*** EXCERPTED DATA ***
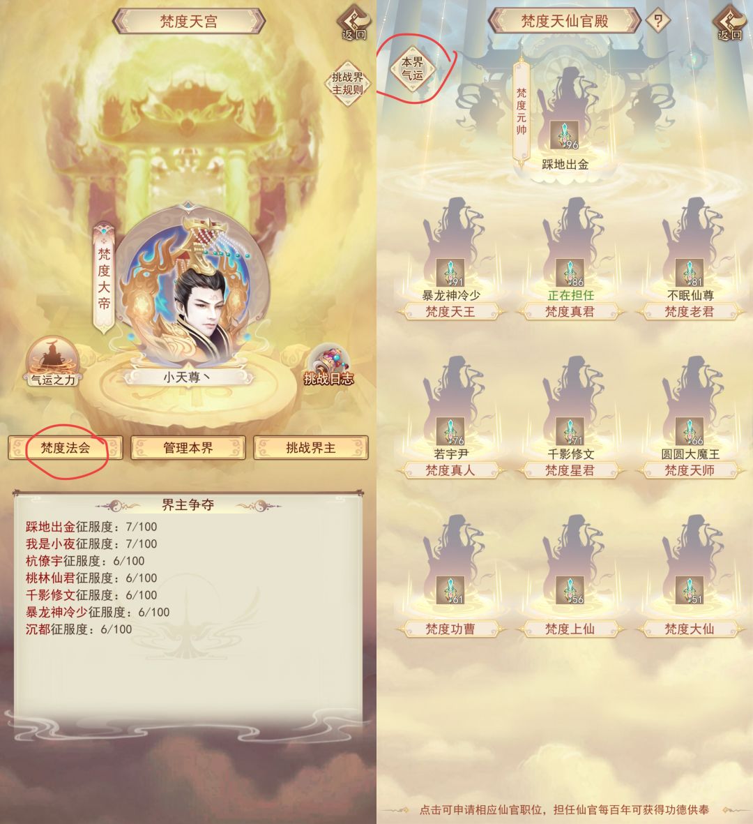 区里大佬打下界主后,有时会召开法会,必须在法会正式召开前讲入法会,如果在法会召开的界域担任星君/仙官或输入内场口令(大佬一般会在群里发)可以享2倍修速加成。
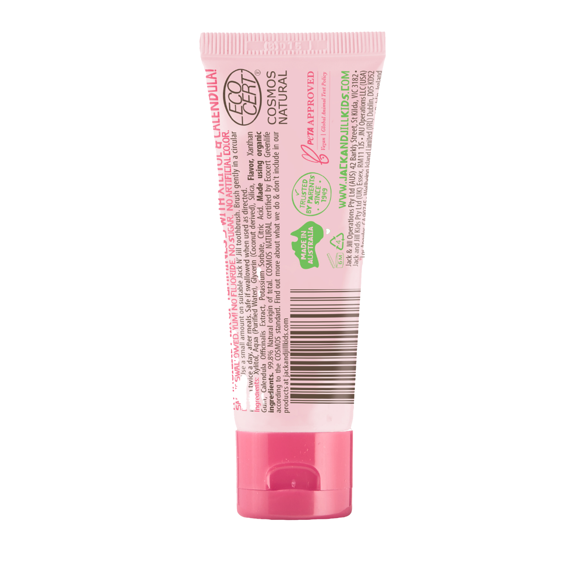 Este fără fluor și sigură la înghițire atunci când este utilizată conform recomandărilor, un avantaj esențial pentru copiii care nu știu încă să scuipe. Aroma naturală de pepene roșu, obținută din fructe organice, este plăcută și atractivă pentru cei mici, transformând spălatul pe dinți într-o experiență distractivă și lipsită de stres.
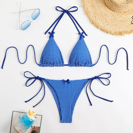 P&B - Summer Plaid Tie Back Bikini - Blue Gingham
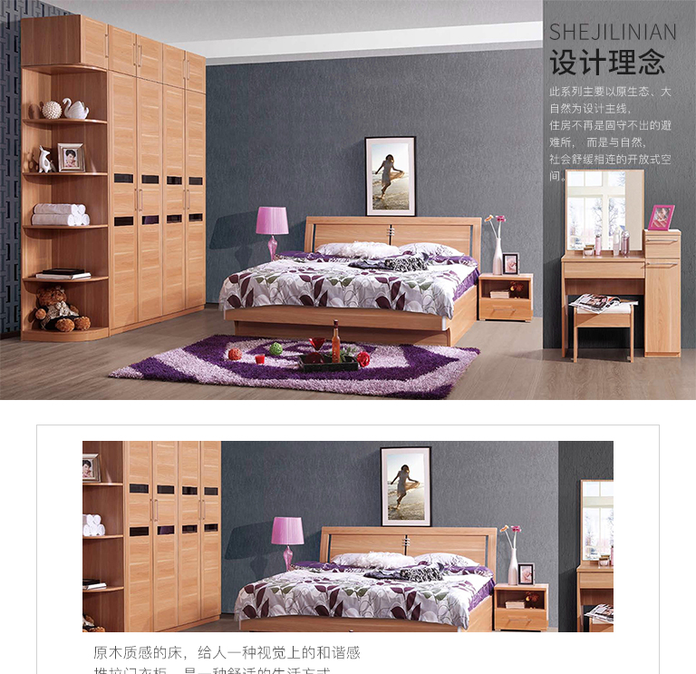 | 規(guī)格 | 床頭柜:460*400*394mm 床:2170×1870×1000mm 推拉衣柜:2200×600×2700mm 梳妝臺:828×400×1422mm 梳妝登:400×300×400mm 普通加強床墊:1800×2000×200mm |
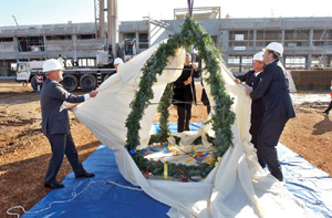 Photo: VW Die Volkswagen Mechatronic GmbH & Co KG, ein Gemeinschaftsunternehmen der Volkswagen AG und der Siemens VDO Automotive AG, hat jetzt Richtfest für ihre neue Fabrik in Stollberg gefeiert. Dort werden künftig Pumpe-Düse-Elemente für den Einsatz in Dieselmotoren (TDI) entwickelt und gefertigt. Repräsentanten beider Unternehmen begingen das Ereignis gemeinsam mit Bauarbeitern, Handwerkern und Ingenieuren der beteiligten Unternehmen. An der Zeremonie nahmen auch der Sächsische Staatsminister für Wirtschaft und Arbeit Dr. Martin Gillo und weitere Gäste aus Wirtschaft und Politik teil. Die Volkswagen Mechatronic investiert insgesamt 270 Millionen Euro. Es sind zwei Ausbaustufen vorgesehen. In der ersten Stufe umfasst die Fertigungskapazität zwei Millionen Pumpe-Düse-Elemente pro Jahr. Produktionsbeginn ist im 4. Quartal 2004. Nach Realisierung der ersten Aufbaustufe werden Anfang 2006 bis zu 380 Beschäftigte am Standort tätig sein. In der zweiten Stufe ab Mitte 2007 sollen dort bis zu 690 Mitarbeiterinnen und Mitarbeiter beschäftigt werden. Dr. Folker Weißgerber, Mitglied des Vorstands der Volkswagen AG, dankte den Bauleuten für die bislang geleistete Arbeit. Er betonte: "Unternehmerische Entschlossenheit verbunden mit handwerklichem Können sind hier in Stollberg die Garanten für eine neue Fabrik. Eine Fabrik, die in wenigen Monaten vielen Menschen einen Arbeitsplatz geben wird." Dr. Klaus Egger, Mitglied des Vorstands der Siemens VDO Automotive AG, hob in seiner Ansprache in der Feierstunde hervor: "Wir werden mit diesen Injektoren mit dazu beitragen, dass die zukünftigen Motoren die ab 2005 geltenden Emissionsgrenzwerte sogar unterschreiten. So arbeiten wir alle nicht nur für mehr Fahrspaß bei niedrigeren Verbrauchswerten, sondern auch für eine saubere Umwelt." Die Grundfläche des Standorts der Volkswagen Mechatronic umfasst 17.250 Quadratmeter. Die Fertigungsstätte besteht aus einer Halle mit einem Bürorandbau. Im Randbau befinden sich Büros, Labore, Umkleide- und Sozialbereiche sowie das Betriebsrestaurant. Die Fertigungsbereiche befinden sich unter einer 42 Meter und einer 66 Meter weit gespannten Stahlkonstruktion. Sie werden getrennt durch einen dreigeschossigen Massiveinbau, der so genannten Kommunikationsachse. Diese verbindet ein Galeriegang mit dem Randbau. Die Ostfassadenseite ist für eine Erweiterungsoption vorgesehen. (13.10.2003)
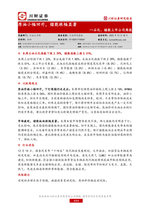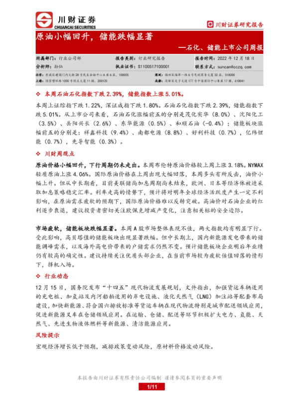 【川财证券】【20221218】20221218-川财证券-石化、储能上市公司周报:原油小幅回升,储能跌幅显著-11页
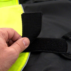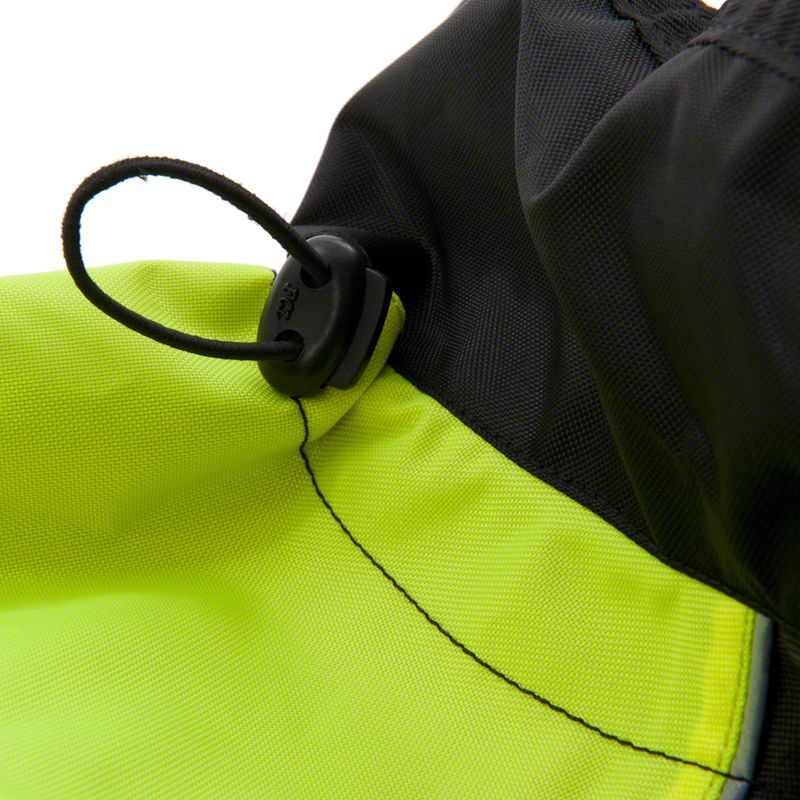 The Illume Nite Neon dog coat comes in various sizes, featuring a drawstring with a stopper for individual fitting, elastic hind leg straps for an optimum fit, and a 5cm adjustable chest strap for added comfort. The reflective sections along the back enhance safety in low visibility conditions.
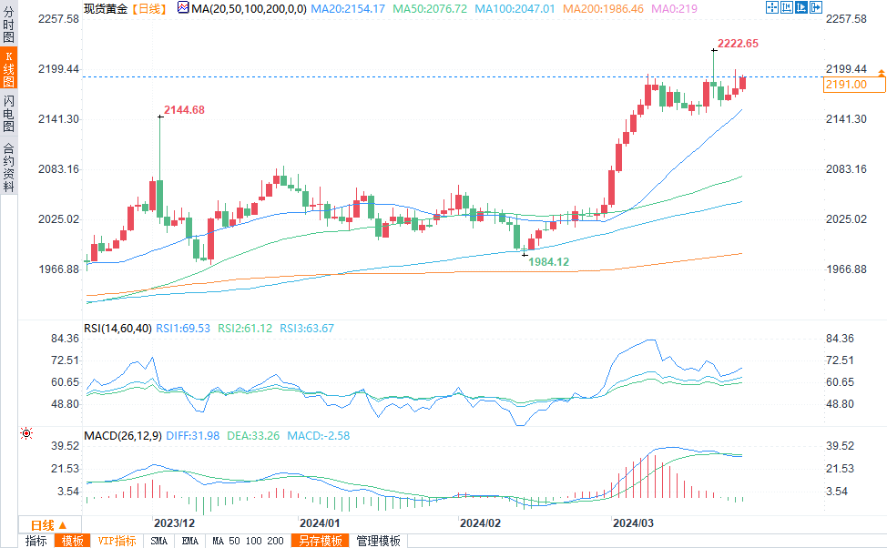 现货黄金价格报2191.76美元/盎司,涨幅0.61%。
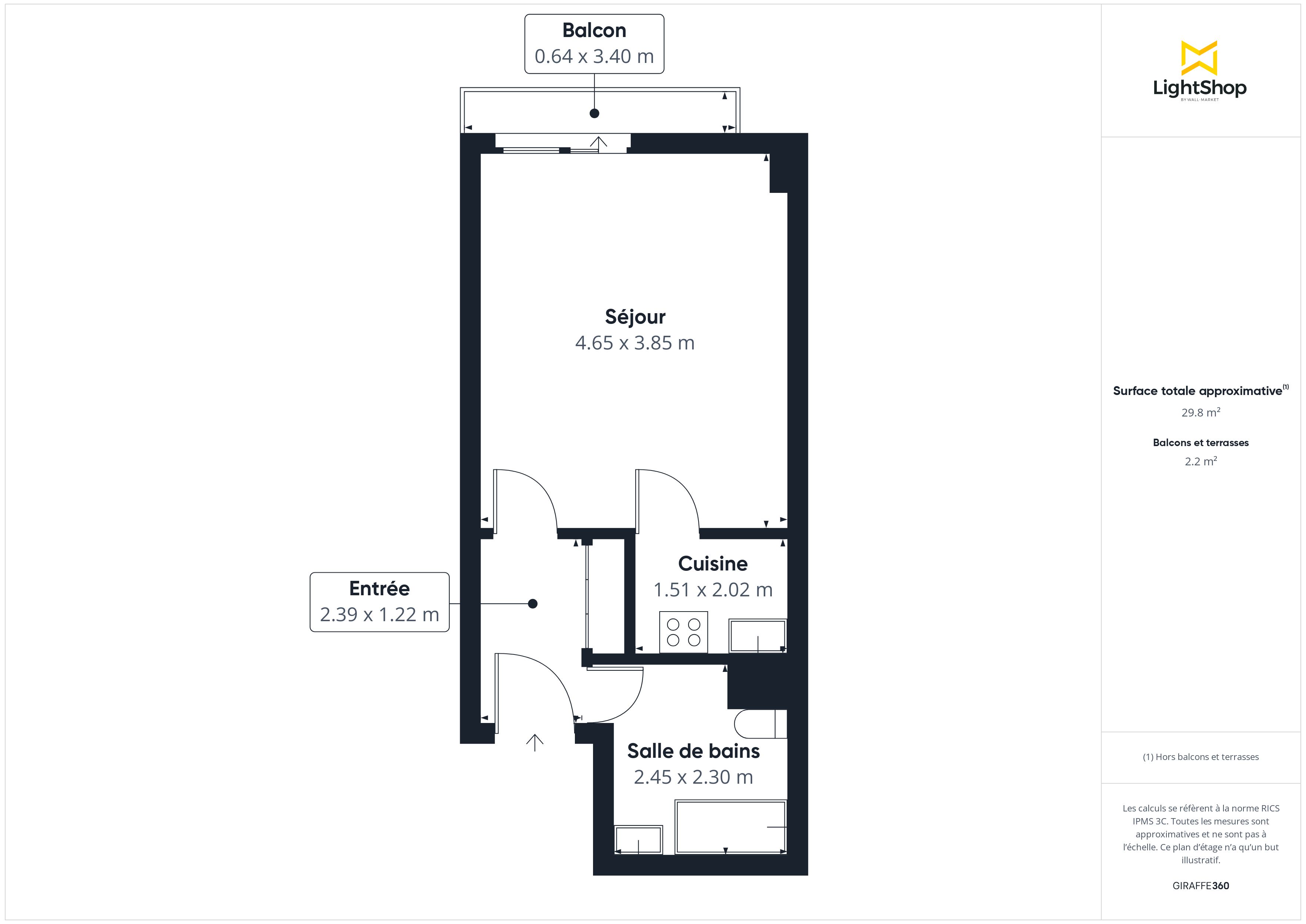 Rue Achille Martinet, Paris - Une pièce - 31.0 m² - 1 chambre
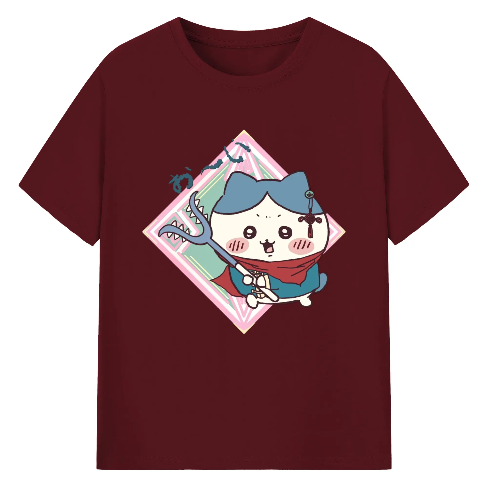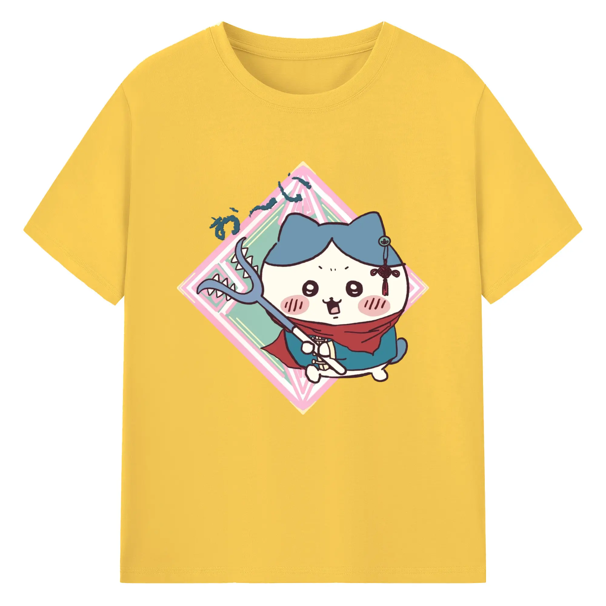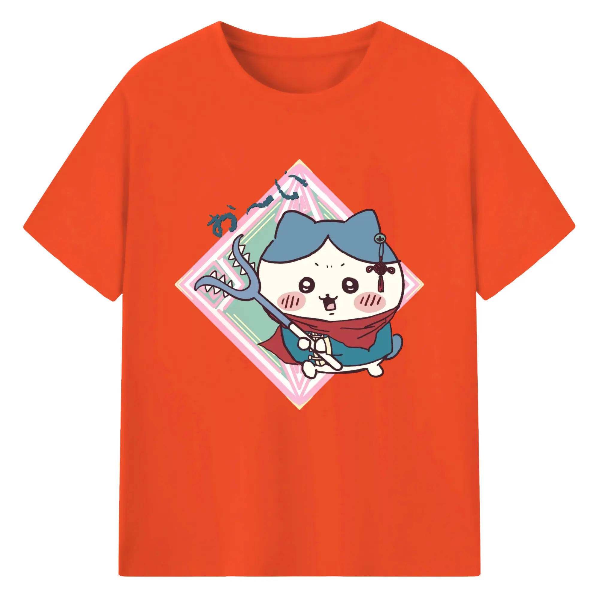 ちい が わ グッズ ハチワレ - 綿100% ヴィンテージ風 半袖Tシャツ ・ フロントプリント ・ 柔らか肌触り ・ 通気性 快適 ・ スポーツ カジュアル 外出用
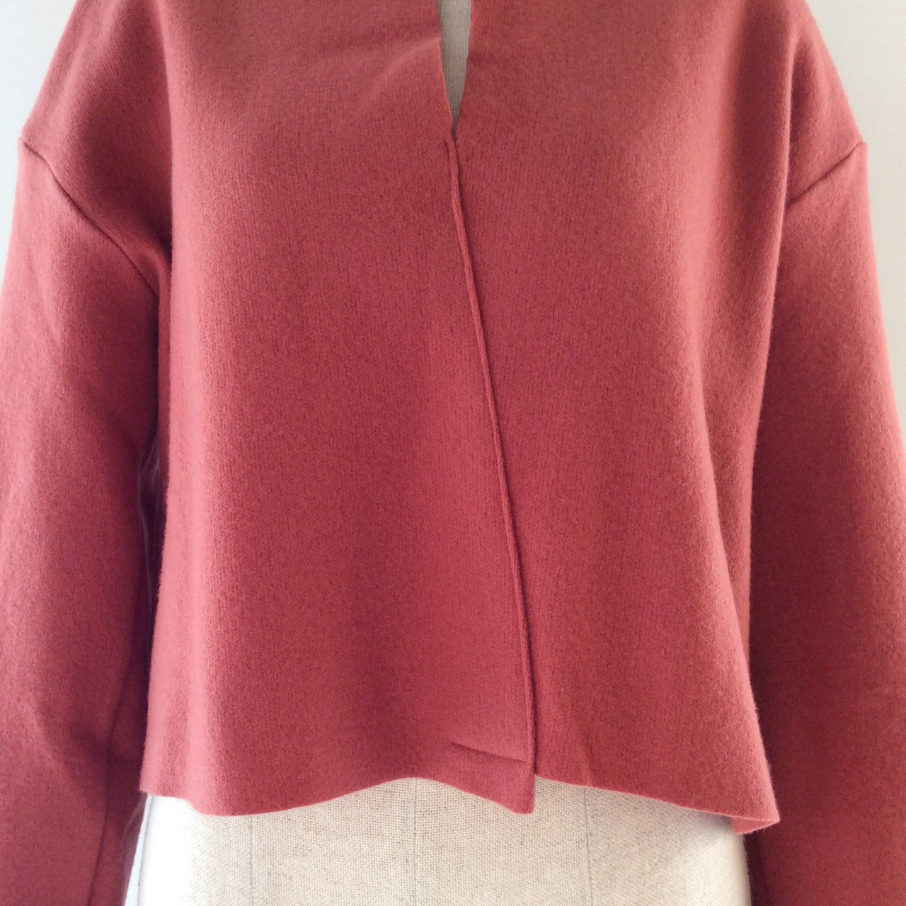 首の後ろはハイネックで温かく、前は細目で深めのV-neck、ヒートテックなどの重ね着が必要です。
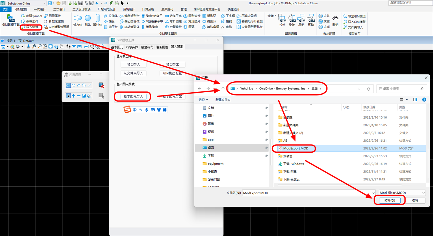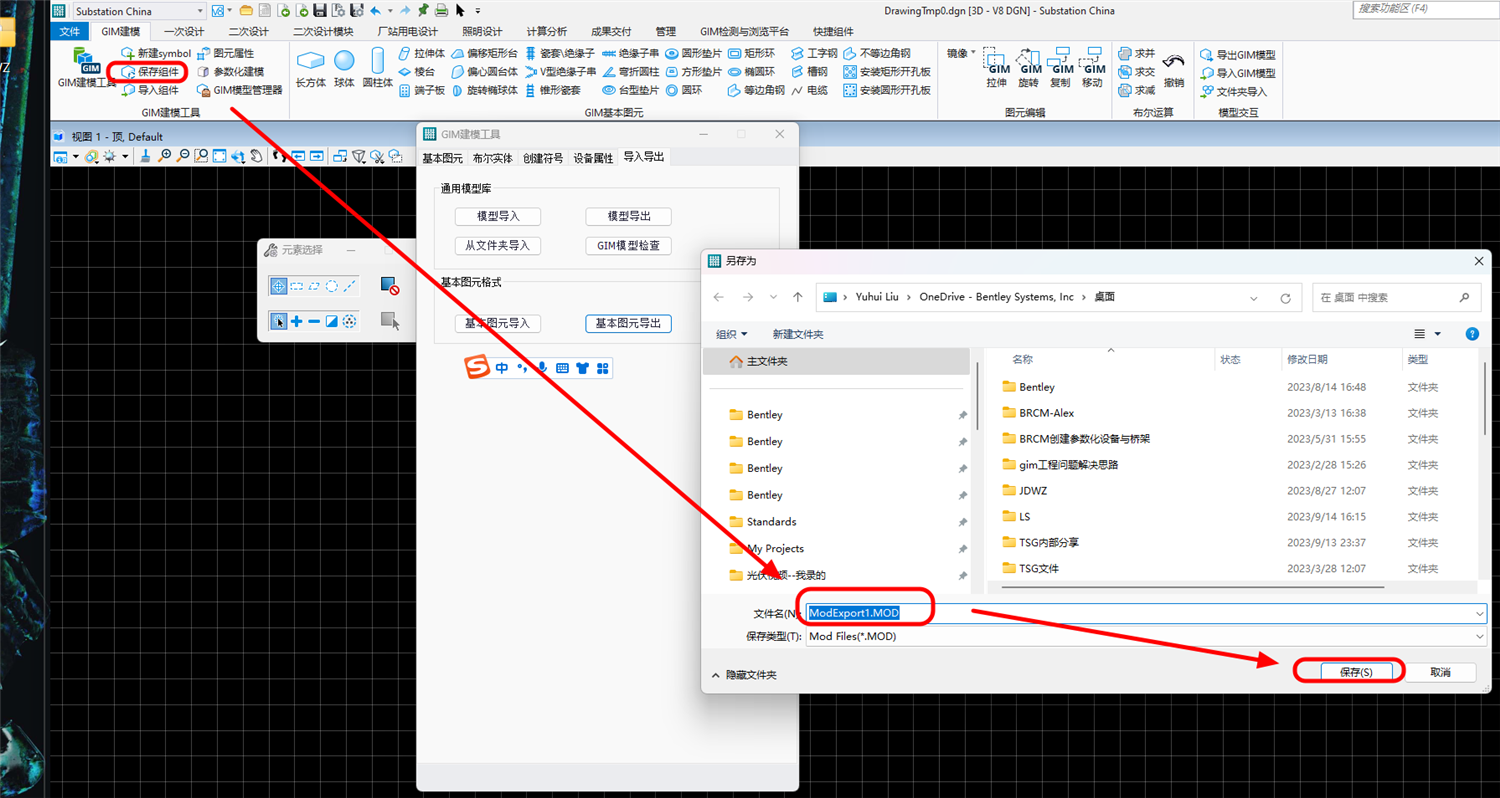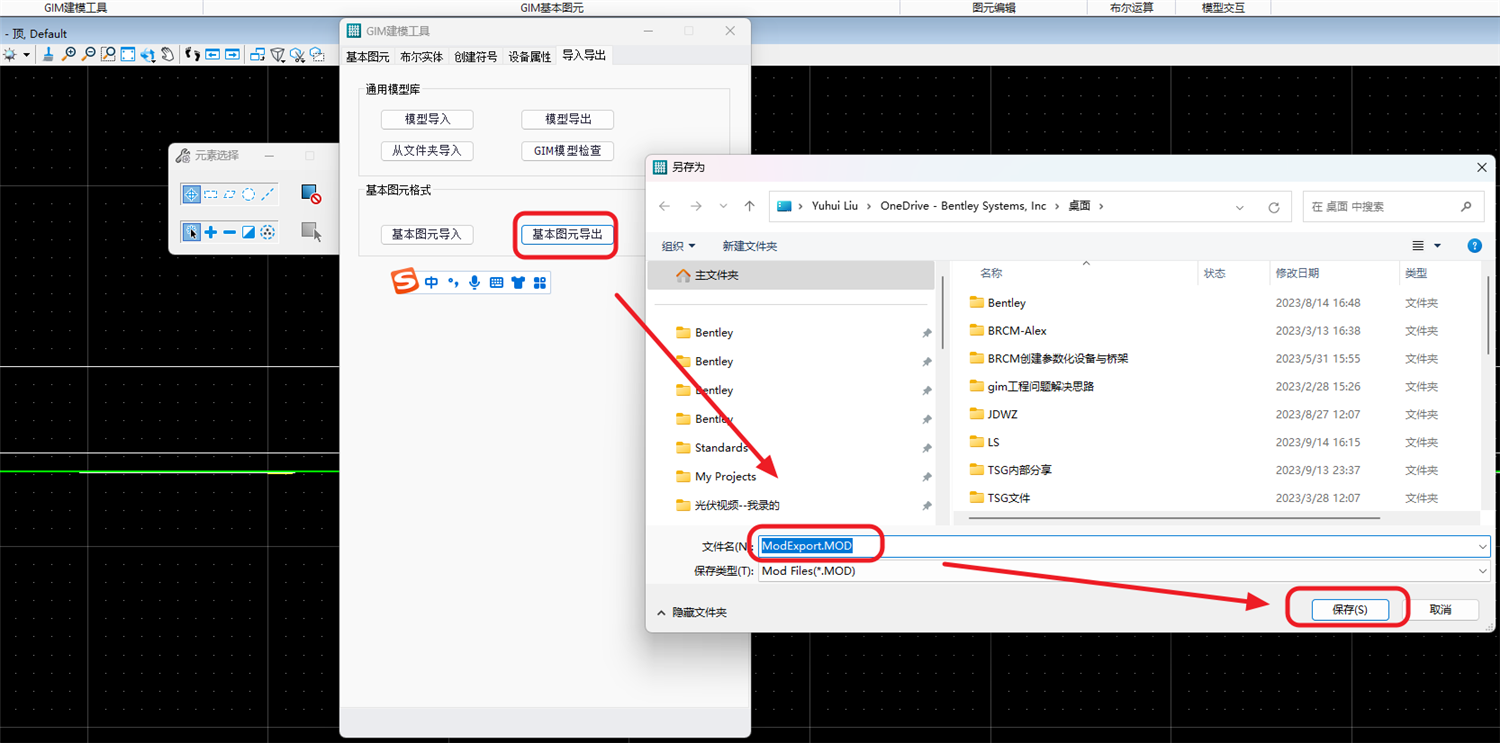 3.加载完成后,选择“基本图元导出”或者“保存组件”,为导出的mod文件命名及选择保存路径后,点击保存:
*** End of EXCERPTED DATA ***
Reproduce the entries exactly, from the line with "Este fără fluor" to the line with "P&B - Summer", both lines included, keeping no pictures.

ANSWER SECTION:
 Este fără fluor și sigură la înghițire atunci când este utilizată conform recomandărilor, un avantaj esențial pentru copiii care nu știu încă să scuipe. Aroma naturală de pepene roșu, obținută din fructe organice, este plăcută și atractivă pentru cei mici, transformând spălatul pe dinți într-o experiență distractivă și lipsită de stres.
 P&B - Summer Plaid Tie Back Bikini - Blue Gingham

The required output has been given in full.